§ **What the task asks**: Exclude images and print all the records verbatim.

□ □ □

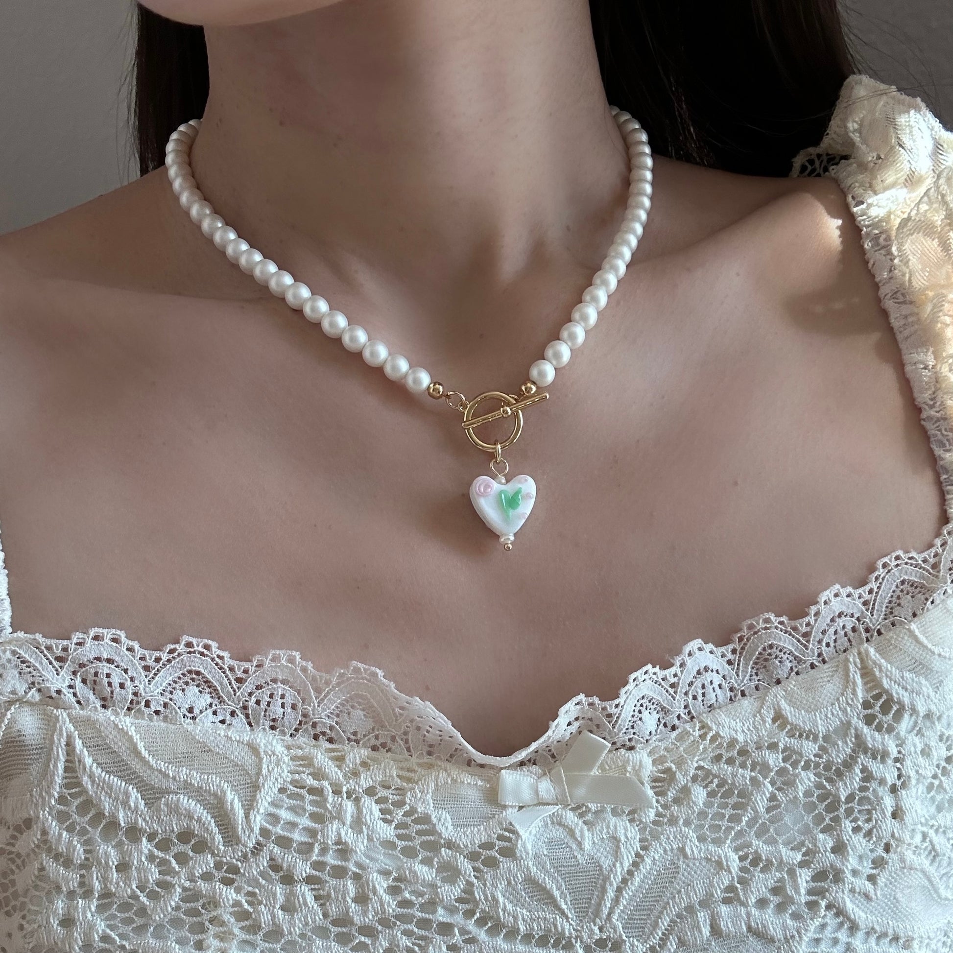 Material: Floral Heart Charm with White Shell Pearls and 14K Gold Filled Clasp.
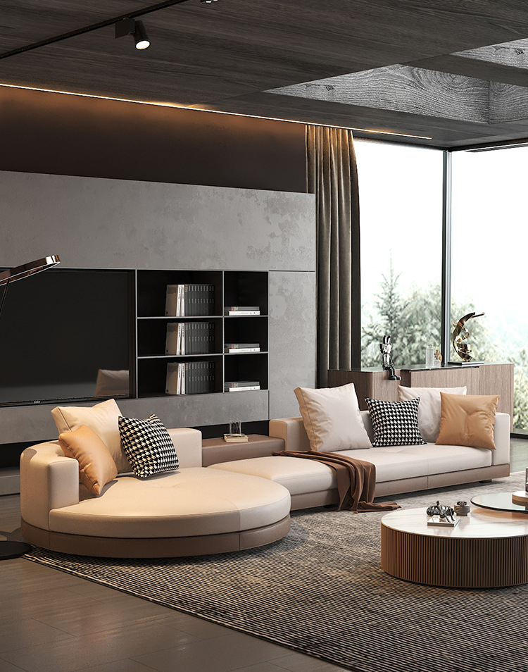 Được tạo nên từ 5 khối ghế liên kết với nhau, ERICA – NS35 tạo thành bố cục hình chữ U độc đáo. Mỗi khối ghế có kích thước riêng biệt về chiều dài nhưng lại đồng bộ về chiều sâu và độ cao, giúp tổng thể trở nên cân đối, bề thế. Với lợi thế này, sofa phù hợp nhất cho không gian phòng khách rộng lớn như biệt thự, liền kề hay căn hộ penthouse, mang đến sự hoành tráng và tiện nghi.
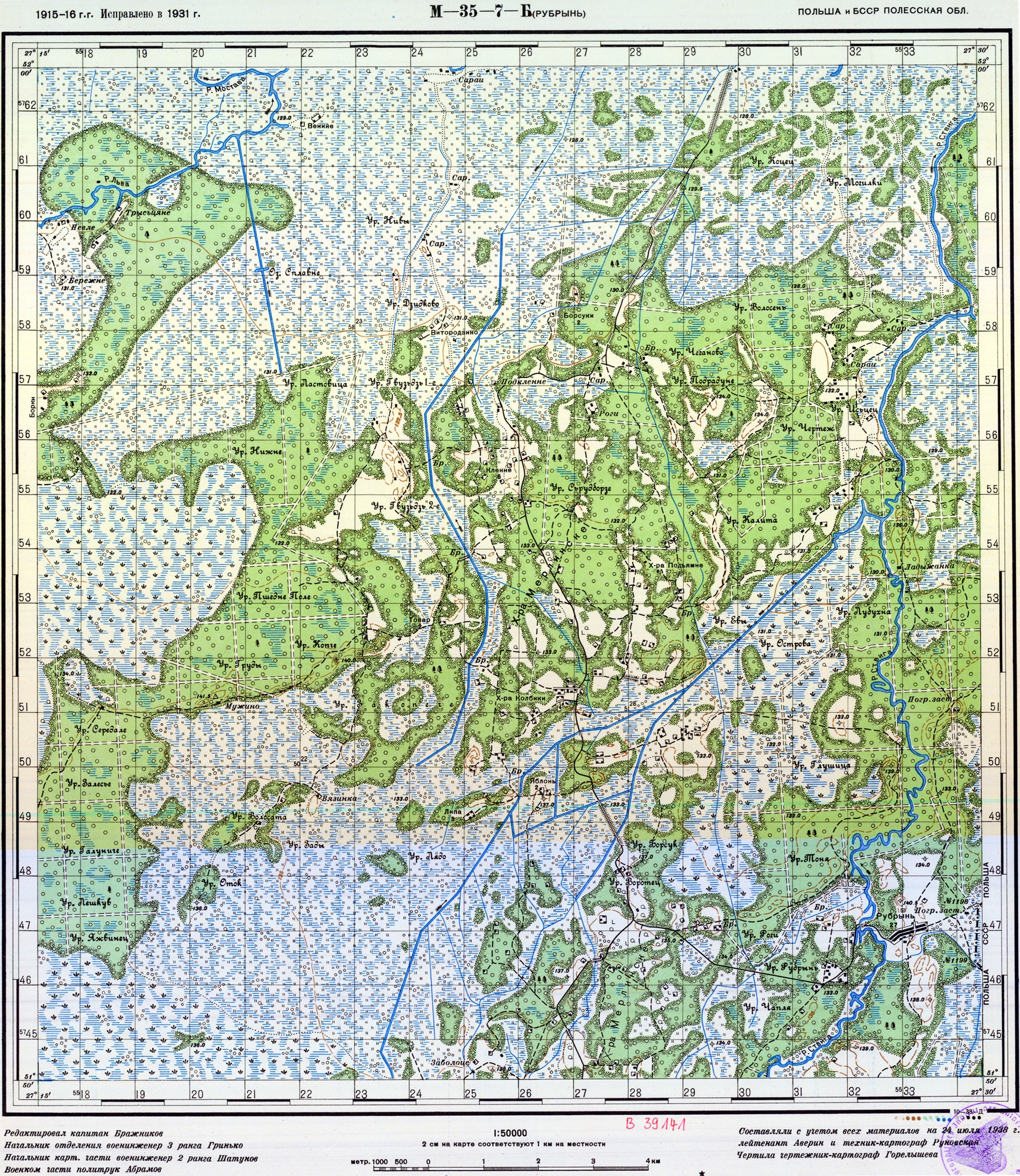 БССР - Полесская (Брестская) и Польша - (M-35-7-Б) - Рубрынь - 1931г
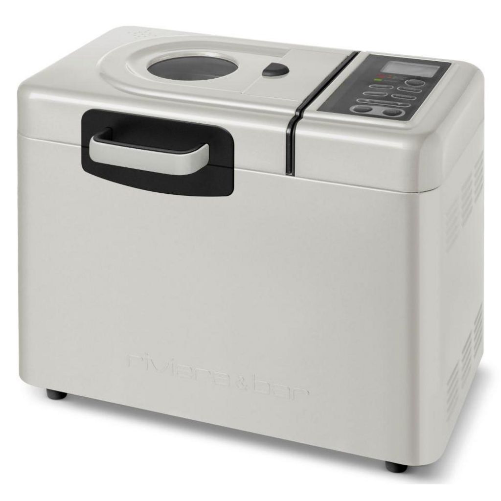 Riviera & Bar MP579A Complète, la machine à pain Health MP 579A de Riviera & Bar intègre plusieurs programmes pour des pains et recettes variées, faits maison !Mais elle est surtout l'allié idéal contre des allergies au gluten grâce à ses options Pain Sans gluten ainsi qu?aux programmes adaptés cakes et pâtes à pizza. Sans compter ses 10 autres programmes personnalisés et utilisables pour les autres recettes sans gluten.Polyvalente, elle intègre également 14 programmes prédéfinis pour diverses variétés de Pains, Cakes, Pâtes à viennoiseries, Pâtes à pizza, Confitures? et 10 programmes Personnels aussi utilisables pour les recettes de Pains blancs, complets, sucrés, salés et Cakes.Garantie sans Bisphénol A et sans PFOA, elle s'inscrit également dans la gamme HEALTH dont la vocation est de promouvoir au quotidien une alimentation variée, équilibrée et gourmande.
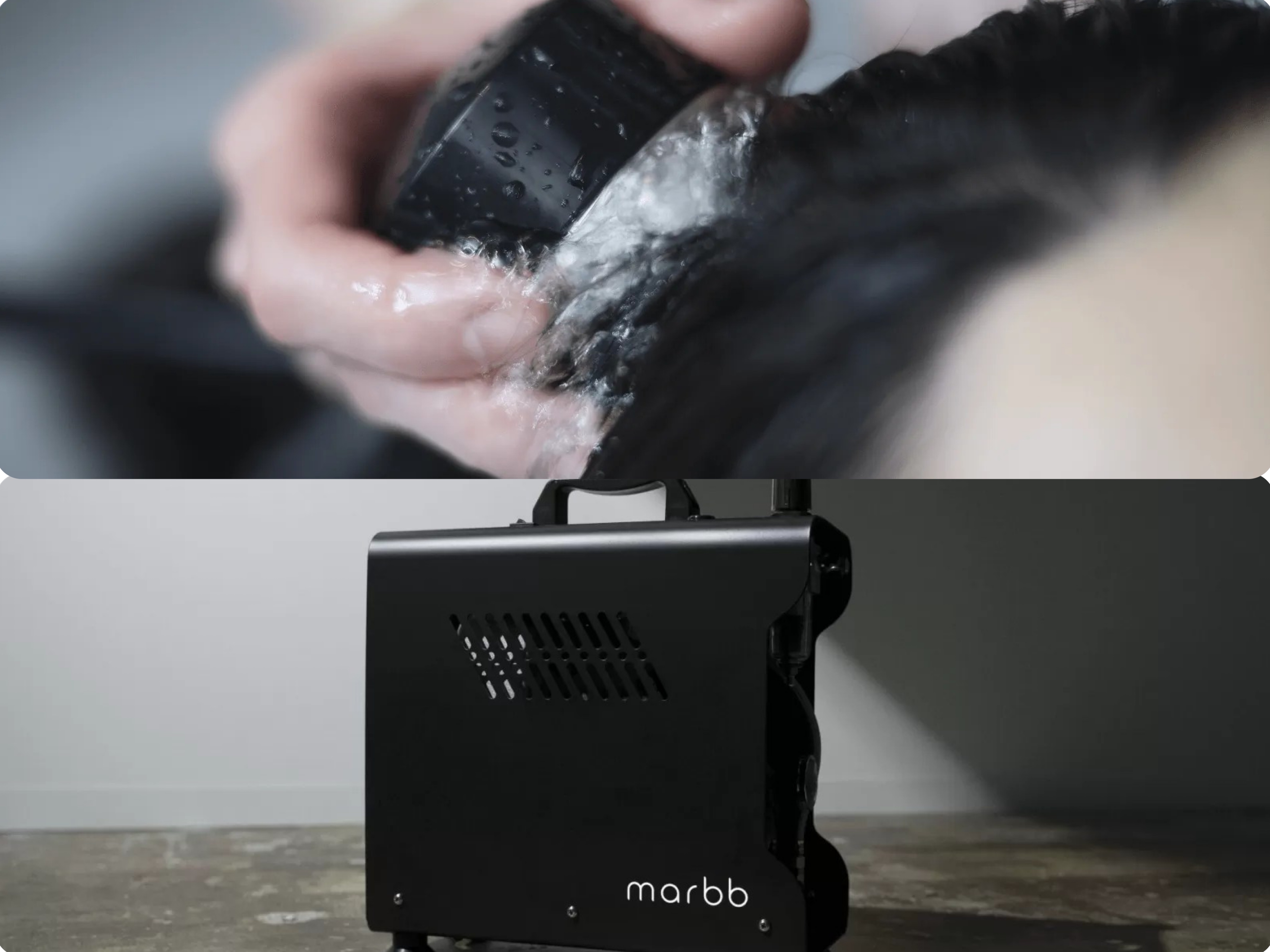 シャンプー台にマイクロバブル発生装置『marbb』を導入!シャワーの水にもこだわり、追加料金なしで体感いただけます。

□ □ □

§ **Your solution**:
 Material: Floral Heart Charm with White Shell Pearls and 14K Gold Filled Clasp.
 Được tạo nên từ 5 khối ghế liên kết với nhau, ERICA – NS35 tạo thành bố cục hình chữ U độc đáo. Mỗi khối ghế có kích thước riêng biệt về chiều dài nhưng lại đồng bộ về chiều sâu và độ cao, giúp tổng thể trở nên cân đối, bề thế. Với lợi thế này, sofa phù hợp nhất cho không gian phòng khách rộng lớn như biệt thự, liền kề hay căn hộ penthouse, mang đến sự hoành tráng và tiện nghi.
 БССР - Полесская (Брестская) и Польша - (M-35-7-Б) - Рубрынь - 1931г
 Riviera & Bar MP579A Complète, la machine à pain Health MP 579A de Riviera & Bar intègre plusieurs programmes pour des pains et recettes variées, faits maison !Mais elle est surtout l'allié idéal contre des allergies au gluten grâce à ses options Pain Sans gluten ainsi qu?aux programmes adaptés cakes et pâtes à pizza. Sans compter ses 10 autres programmes personnalisés et utilisables pour les autres recettes sans gluten.Polyvalente, elle intègre également 14 programmes prédéfinis pour diverses variétés de Pains, Cakes, Pâtes à viennoiseries, Pâtes à pizza, Confitures? et 10 programmes Personnels aussi utilisables pour les recettes de Pains blancs, complets, sucrés, salés et Cakes.Garantie sans Bisphénol A et sans PFOA, elle s'inscrit également dans la gamme HEALTH dont la vocation est de promouvoir au quotidien une alimentation variée, équilibrée et gourmande.
 シャンプー台にマイクロバブル発生装置『marbb』を導入!シャワーの水にもこだわり、追加料金なしで体感いただけます。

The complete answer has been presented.